MATERIAL FOR THIS EXERCISE Start Marker
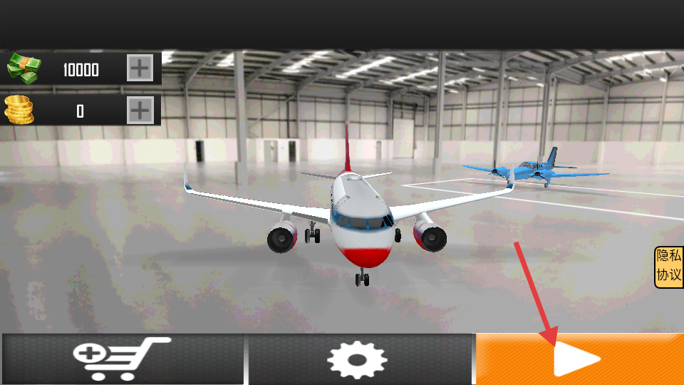 1、打開(kāi)環(huán)球旅行模擬器,映入眼簾的是機(jī)庫(kù)場(chǎng)景,能看到不同的飛機(jī),左上角顯示著游戲貨幣數(shù),點(diǎn)擊右下角橙色的播放按鈕即可進(jìn)入下一步。
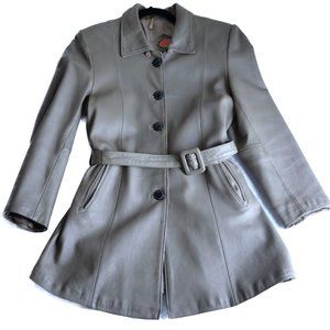 Vintage women's genuine leather coat in light grey. Features a matching belt with a rectangular buckle, notched collar, angled front pockets, and button-front closure. Size Small. Shows some minor wear on the edges but is overall in good vintage condition. Perfect for a retro-inspired look with modern styling potential.
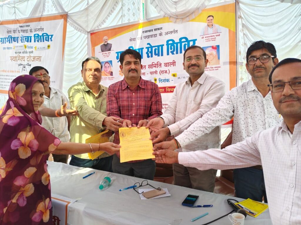 बाली। चामुंडेरी ग्राम में ग्रामीण सेवा शिविर का आयोजन हुआ शिविर में पंचायती राज के पट्टे प्रॉपर्टी कार्ड वितरित तथा राजस्व विभाग के नामांतरण जाति मूल निवास प्रमाण पत्र आय प्रमाण पत्र पीएम किसान रजिस्ट्रेशन ईकेवाईसी तथा कृषि विभाग के मिनी किट जन कल्याणकारी योजनाओं की जानकारी के साथ नए विधुत मीटर, ओर 150 यूनिट फ्री बिजली का पंजीयन भी किया गया साथ ही आवासीय पट्टों का भी वितरण किया गया
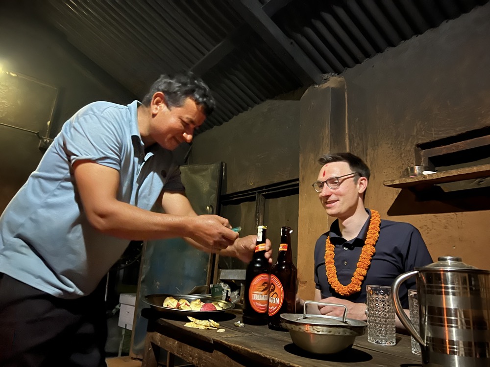 Dipendra und Gita, die beiden Direktor*innen der Schule empfingen uns gerührt. Hier hat sich einiges verändert, denn Ama (Mama von Dipendra) wohnt nicht mehr hier. Sie ist zu ihrem anderen Sohn nach Chitwan gezogen. Dementsprechend gelten hier plötzlich andere Regeln: Wir hatten ein kleines Bier (!!) und haben Ei gegessen. Undenkbar mit Ama im Haus. Danach haben wir noch ein paar, aus Perspektive von Gita und Dipendra, schöne und schlechte Nachrichten überbracht: nach 9 Jahren Wartezeit für die beiden und damit verbundenes Unwohlsein, uns in einem Zimmer schlafen zu lassen, hatten wir 2020 zwischenzeitlich geheiratet. Erlösend. Schlechte Nachricht: wir müssen kommende Woche schon wieder abreisen - eine Enttäuschung. Wir entschieden uns, so schnell wie möglich mit der Planung der Folgetage loszulegen und dann auch direkt umzusetzen. Ab Freitag, 26.04. heißt es: Entscheidungen treffen, arbeiten!
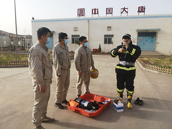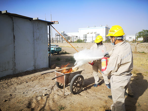 首先開展的是干粉滅火器實(shí)操演練。運(yùn)維人員取出4具即將送檢的滅火器,用小推車裝好干柴放置在空曠地點(diǎn),駐站人員講解了滅火器檢查方法和使用流程后,在確保安全的情況下將小推車內(nèi)的干柴點(diǎn)燃。一名工作人員用滅火器將車內(nèi)的火焰撲滅,再重新點(diǎn)燃,下一名人員繼續(xù)操作,最終達(dá)到參訓(xùn)人員全部能夠熟練使用滅火器的目的;其次,開展正壓呼吸器使用實(shí)操演練。在每個(gè)人都熟練掌握說明書上使用步驟和注意事項(xiàng)后,每名工作人員都穿戴正壓呼吸器一次,如果穿戴流程錯(cuò)誤立即糾正并重新穿戴;再次,開展消防戰(zhàn)斗服穿戴實(shí)操演練。有火電消防工作經(jīng)驗(yàn)的人員對(duì)戰(zhàn)斗服使用步驟進(jìn)行詳細(xì)講解,每名工作人員都穿戴消防戰(zhàn)斗服一次,達(dá)到全員均能熟練穿戴的目的;最后,所有參訓(xùn)人員都組裝并佩戴防毒面具一次。
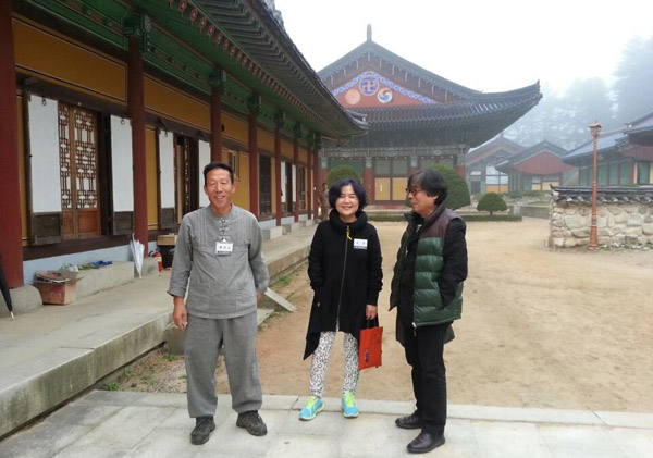 “월정사 아침 안개 속에 고양파 3인 짝다리 짚다.” 고양환경운동연합 조정 공동의장이 환경운동연합 전국 임원워크샵에 참여해 기념 촬영 찰칵. 황유성 집행위원장, 유시훈 감사가 함께 했다.
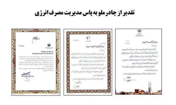 همچنین تصریح شده است، تلاش مسئولانه و اخلاق مدارانه مجموعه مدیریتی آن شرکت در راستای نظام بخشیدن و تسری فرهنگ ارزشمند بهینه سازی مصرف انرژی، قابل تحسین است./
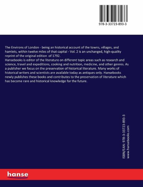 The Environs of London - being an historical account of the towns, villages, and hamlets, within twelve miles of that capital - Vol. 2 is an unchanged, high-quality reprint of the original edition of 1792.
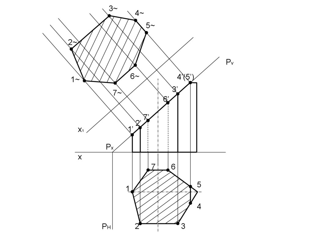 Определение натуральных размеров и площади сечения многогранника наклонной плоскостью
MATERIAL FOR THIS EXERCISE End Marker
Write out exactly, and only, the lines running from the line with "유시훈 감사가 함께 했다." to the last line above, both included, with all pictures omitted.

> RESULT FOR THIS TASK:
 “월정사 아침 안개 속에 고양파 3인 짝다리 짚다.” 고양환경운동연합 조정 공동의장이 환경운동연합 전국 임원워크샵에 참여해 기념 촬영 찰칵. 황유성 집행위원장, 유시훈 감사가 함께 했다.
 همچنین تصریح شده است، تلاش مسئولانه و اخلاق مدارانه مجموعه مدیریتی آن شرکت در راستای نظام بخشیدن و تسری فرهنگ ارزشمند بهینه سازی مصرف انرژی، قابل تحسین است./
 The Environs of London - being an historical account of the towns, villages, and hamlets, within twelve miles of that capital - Vol. 2 is an unchanged, high-quality reprint of the original edition of 1792.
 Определение натуральных размеров и площади сечения многогранника наклонной плоскостью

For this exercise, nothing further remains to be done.